2. The method and terminal for extracting teletext according to claim 1, wherein each selection line corresponds to a cut picture.
3. The method and the terminal for extracting the image-text according to claim 1, wherein the illustration is on a selection line, the illustration selection line frame is a frame selection of the illustration after the selection line is marked out, the illustration is recovered to an original image after being subjected to OCR recognition processing, and the layout is recovered and inserted to an original position.
4. The method and the terminal for extracting the pictures and texts according to claim 1, wherein the cutting of the selected pictures and texts is straight-edge cutting and curved-edge cutting which are performed by taking a row of continuous pictures and texts covered by the drawn selected drawing line or above the drawn selected drawing line as a unit, and the head and the tail of the arrangement of the cut pictures are consistent with the head and the tail of the drawn drawing line.
5. The method and the terminal for extracting the image-text according to claim 1, wherein the figure is an independent picture, and the image-text is subjected to the page restoration after the chart and the characters in the figure are identified by the OCR.

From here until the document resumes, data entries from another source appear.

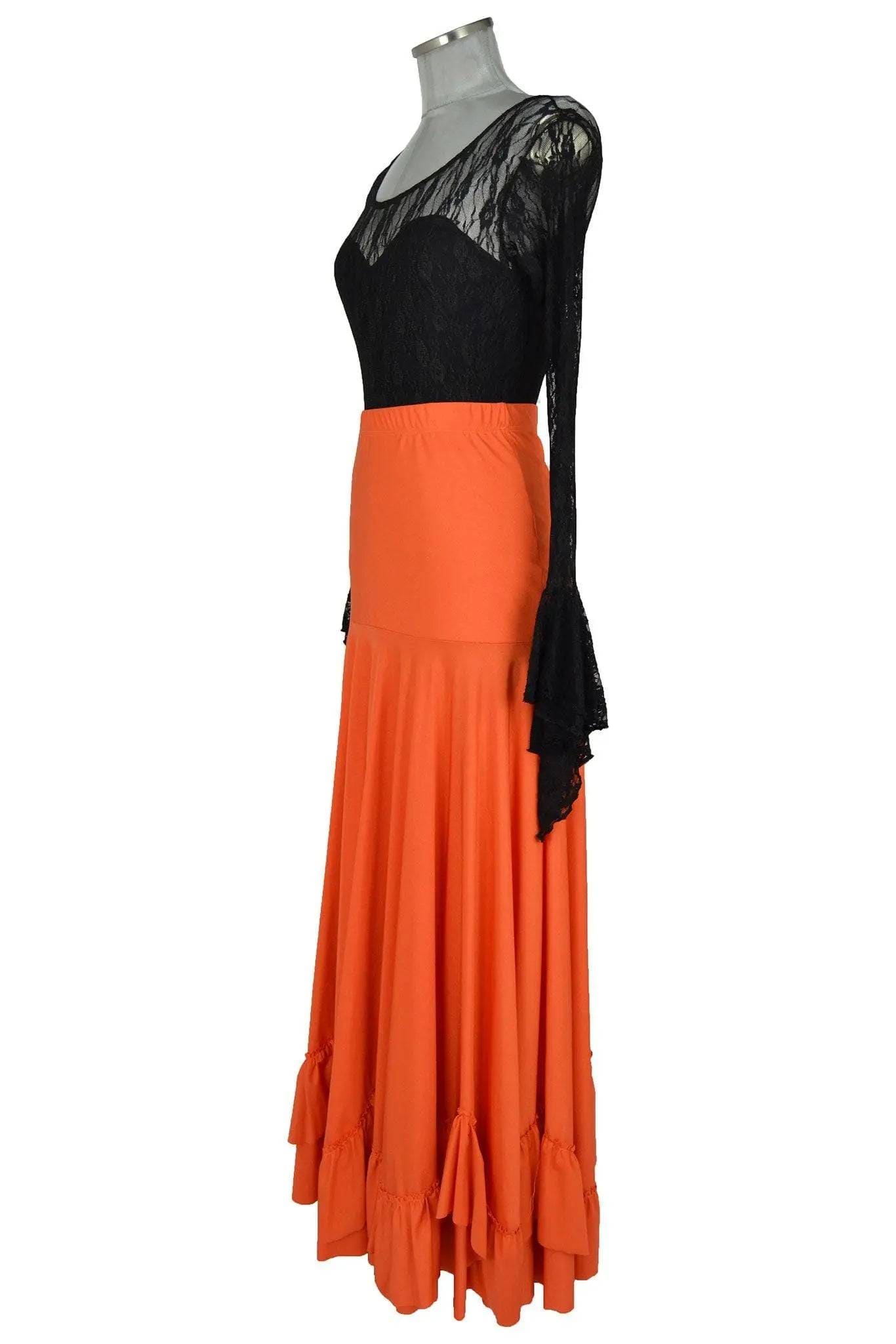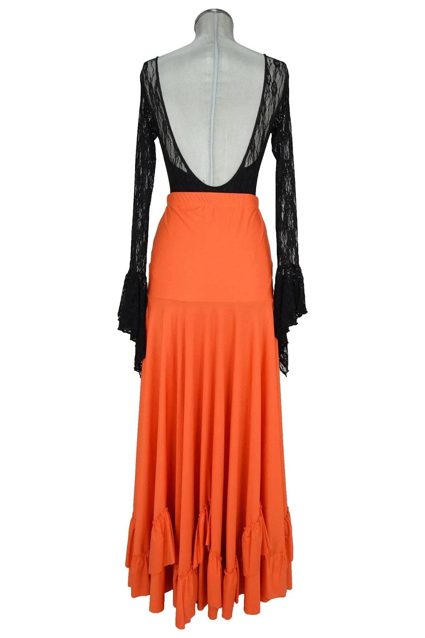 Noleggio abito elegante nero e arancione con pizzo per Halloween
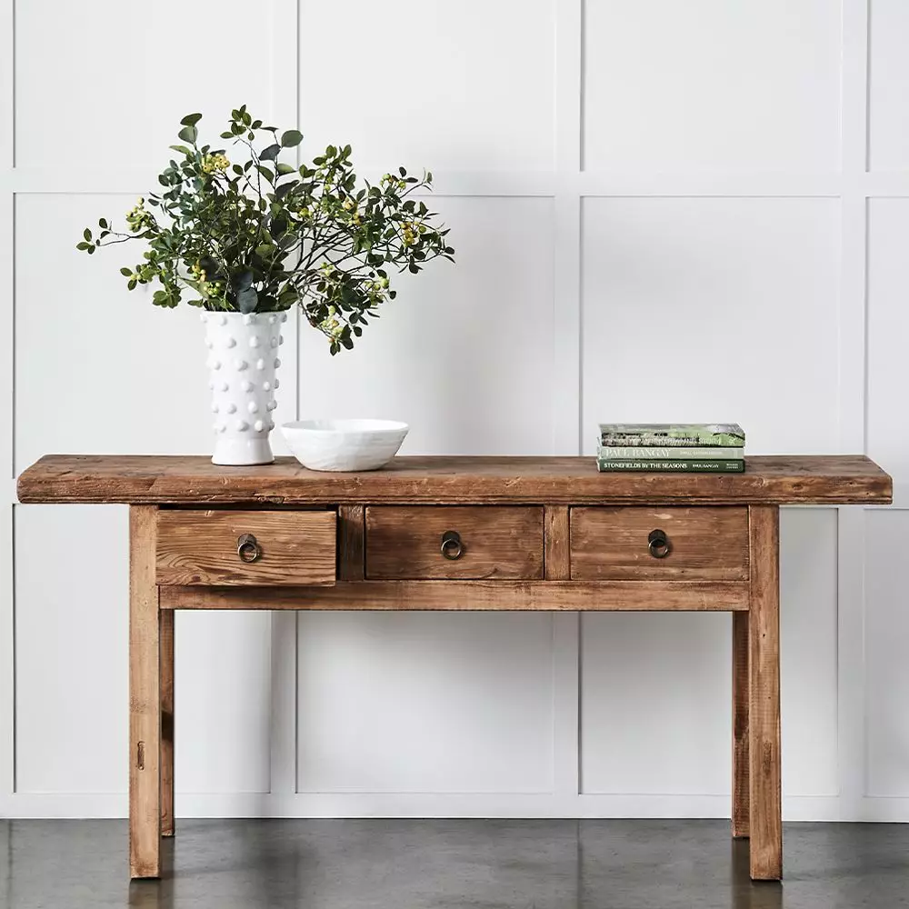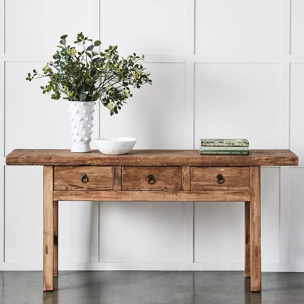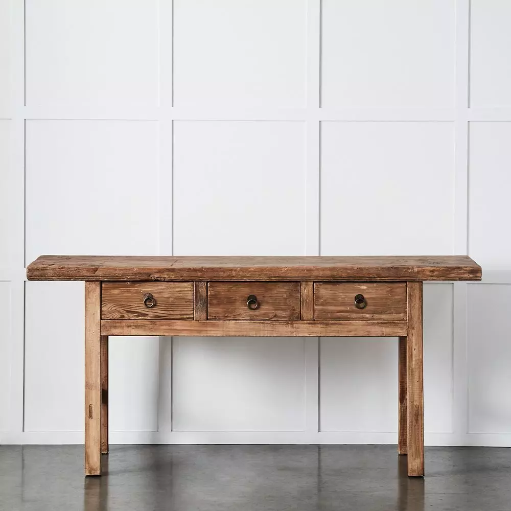 Our antique Albany console tables are sourced for us in the provinces of China where some started their lives as butcher’s tables. Invite one into your home and use it as a console table in the hallway, the living room or dining room. Each piece is unique with the beautiful hues and patinas of the elm timber echoing previous lives in centuries past. Sizes vary as each piece is unique.
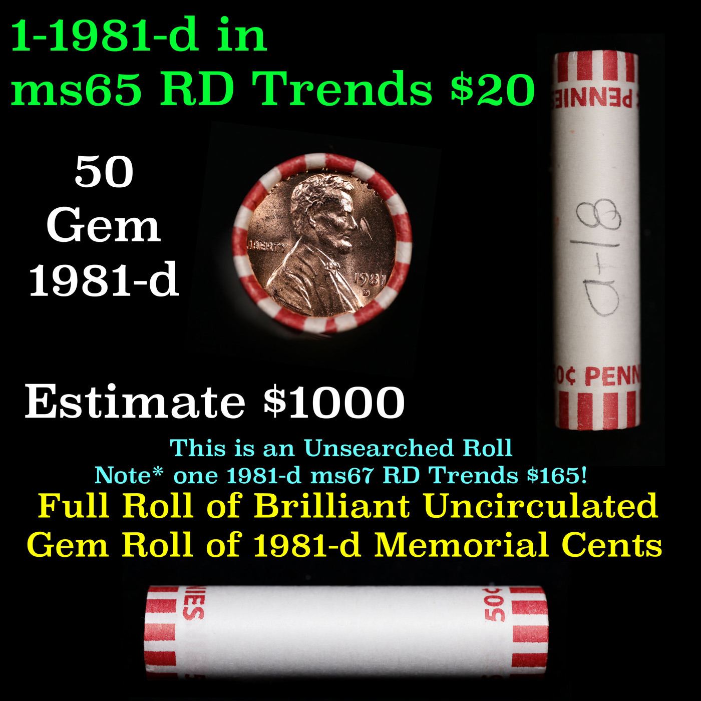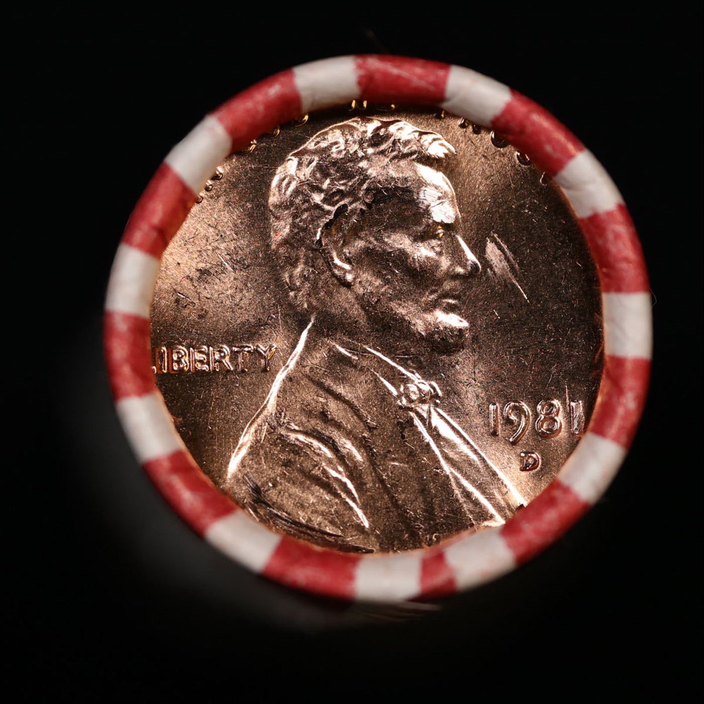 Shotgun Lincoln 1c roll, 1981-d 50 pcs Bank Wrapper.. A terrific Shotgun roll of Lincoln cents. Most if not all coin should be cherry red.

6. The method and terminal for extracting graphics context according to claim 1, wherein the OCR recognition process includes: and carrying out binarization, noise erasure, inclination correction, image enhancement, layout analysis, character recognition, layout recovery and proofreading on the cut picture.
7. The method and terminal for extracting graphics and text according to claim 6, wherein each group of graphics and text information or substrate extracted after OCR recognition processing is provided with color difference.
8. The method and terminal for extracting graphics context according to claim 1, wherein the second step can use selection scribe, selection wire frame, erasing scribe or erasing wire frame alone or in combination.
9. The method and terminal for extracting teletext according to claim 1, wherein the fourth step of checking that no errors occur does not perform any other operation.
10. The method and terminal for extracting teletext according to claim 1, wherein the sixth step of checking if there is no error does not perform any other operation.
11. The method and terminal for extracting teletext according to claim 1, wherein the terminal comprises: the mobile terminal comprises a camera unit, a storage unit, a processor unit, a multimedia unit, a communication unit and a power supply, wherein the camera unit is used for shooting pictures and texts to be extracted, the storage unit is used for storing programs and extracting picture and text data, the processor unit is used for program operation, the multimedia unit is used for data output and interaction, the communication unit is used for data transmission, and the power supply is used for providing electric energy required by operation and work for the terminal.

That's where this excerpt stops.